The details on those ships are amazing, though. This first shot makes them look really flat.

But they're not, they are extremely dimensional. They are intended to look like Viking ships, honoring the supposed trip up the Charles River by Leif Ericson (a theory first proposed by a Harvard professor, according to our driver).

Here are some close up details.

The bridge is undergoing a ton of maintenance right now. There were these special metal plates hanging beneath the bridge to keep rust and debris from falling down on the Duck Boats. I took this shot just as we were coming out from under the bridge. Nice of the sailboat to add atmosphere!

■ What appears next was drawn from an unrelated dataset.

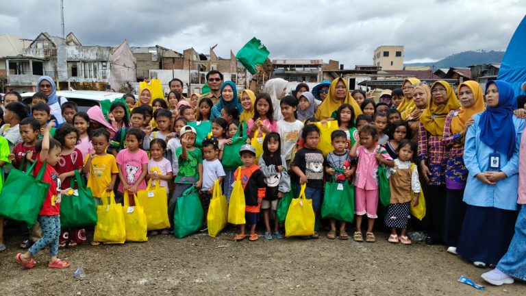 Luwu Timur, Chaneltipikor.com – Tawa dan keceriaan kembali terdengar di posko pengungsian sementara korban kebakaran Dermaga Sorowako, Kecamatan Nuha, Senin (1/9/2025).

Hey, anyone want to drive this thing? He thought you'd never ask! LOL (Luke had actually commented when we boarded, "maybe I can drive it!" But when we just nodded and said "maybe," he gave us the "yeah, right" look. Perhaps you should believe your parents sometimes, young padawan!)

The tour is about 90 minutes long (no stops, no getting on or off, though we did give Luke a snack). By the time we were back on land, Luke was really starting to fade. It had been a long day, expending lots of energy, and he'd been sitting for too long. At least we were dropped off less than two blocks from our hotel!

There was also an Uno's about another block up, so we popped in there for dinner before tucking in for the night. Dad got the Turkey Bacon Swiss, Mom had the Shrimp & Crab Fundoo, DH decided on the Personal Numero Uno, and I enjoyed the Mac & Three Cheese. We got Luke the kids thin cheese pizza, but he he didn't eat it at all. Not sure if he was just too tired or what. After that, we had to get him into bed, so we headed back to the hotel, while Mom and Dad went to the Public Library just around the corner. There would be a second excursion to the library later, so I'll save those pictures for then.